Ingelheim war zunächst von den Umbrüchen nicht betroffen. Die hoheitsrechtlichen Spielräume der Kurfürsten als Pfandherren waren ohnehin durch Patronats- und Zehntrechte des Mainzer Domkapitels (Ober-Ingelheim) und des Mainzer Stiftes St. Stephan (Nieder-Ingelheim) beschränkt. Auch die übrigen Orte des "Ingelheimer Grundes" standen kirchlich in enger Beziehung zum Erzstift Mainz.


2. Die Zeit unter Ottheinrich (1556-1559)

Ottheinrich, der Enkel Philipps I., wurde 1502 als Sohn des 1504 während des Landshuter Erbfolgekrieges verstorbenen Kurprinzen Ruprecht bei Rhein geboren. Als er 1556 die Nachfolge seines Onkels Friedrich II. antrat, blickte er bereits auf einen bewegten Lebenslauf zurück. Der Kaiser hatte bei Ruprechts Tod Friedrich zum Vormund über dessen unmündige Söhne bestimmt. Als Erbe aus dem wittelsbachischen Besitz sollte ihnen das neu gebildete Fürstenturm „Junge Pfalz“ (Pfalz-Neuburg) zufallen, in dem ihr Onkel und Vormund Friedrich die Herrschaft bis 1522 ausübte.

In seiner ab 1522 folgenden eigenen Regierungszeit machte sich Ottheinrich als Bauherr (Neuburger Residenz), Mäzen und Sammler einen Namen, was 1544 fast zum finanziellen Kollaps seines Fürstentums führte. Man entzog ihm die wirtschaftliche Verantwortung, und er durfte nur noch repräsentieren.

Ottheinrich war Befürworter der lutherischen Glaubenslehre und konvertierte 1542. Das gesamte Fürstentum Neuburg wechselte mit ihm die Konfession. Der nach Neuburg berufene Prediger Osiander verfasste 1543 für ihn eine Kirchenordnung. Als der Pfalzgraf nach dem Schmalkaldischen Krieg ins Exil musste und in der Kurpfalz bis 1552 Zuflucht fand, begann er zum Verdruss seines katholischen Onkels Friedrich auch dort, reformatorische Aktivitäten zu entfalten. Nach dem Tode seines Onkels fiel ihm 1556 die Kurwürde zu. Nun waren seinem missionarischen Eifer keine Grenzen mehr gesetzt.
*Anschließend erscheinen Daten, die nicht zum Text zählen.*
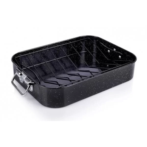 Prostokątna blacha do pieczenia z uchwytami i wyjmowanym rusztem. Wykonana z wytrzymałych materiałów. Łatwa w czyszczeniu i wygodna w użytkowaniu. W brytfannie przygotujemy różnego rodzaju mięsa, świetnie sprawdzi się również jako gęsiarka. Powłoka nieprzywierająca zapobiega przypalaniu się potraw. Brytfanna pomoże przygotować zdrowe i smaczne potrawy w piekarniku.
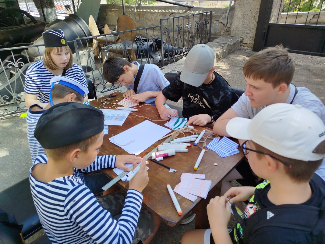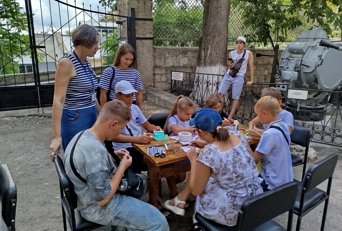 Праздник начался с интеллектуальной разминки: ребята дружно отвечали на загадки на военно-морскую тематику, проявив смекалку и знания. Затем началась творческая часть. Под руководством заместителя заведующего филиалом Ольги Бойко и младшего научного сотрудника музея Алины Рыбинцевой юные гости своими руками создали памятные сувениры — яркие открытки в виде тельняшки и практичные салфетки под кружки и тарелки с характерной полосатой символикой.

Zur Einführung des Luthertums als Landesreligion wurde eine Kirchenordnung erlassen und 1556 die erste Kirchenvisitation durchgeführt. Mit Unterstützung Melanchthons reformierte er die Heidelberger Universität und förderte den Ausbau der berühmten Palatina, der kurfürstlichen Bibliothek. Für sie beschaffte er sich 1557 die Bibliothek des säkularisierten Klosters Lorsch. Obwohl seine Visitationskommission in Ober-Ingelheim noch katholische Verhältnisse feststellte und anprangerte, kam es zu keinen tiefgreifenden Änderungen, weil Schultheiß und Rat als „Freie Reichsleute“ entschlossen waren, eine Beschneidung ihres religiösen Selbstbestimmungsrechts abzuwehren.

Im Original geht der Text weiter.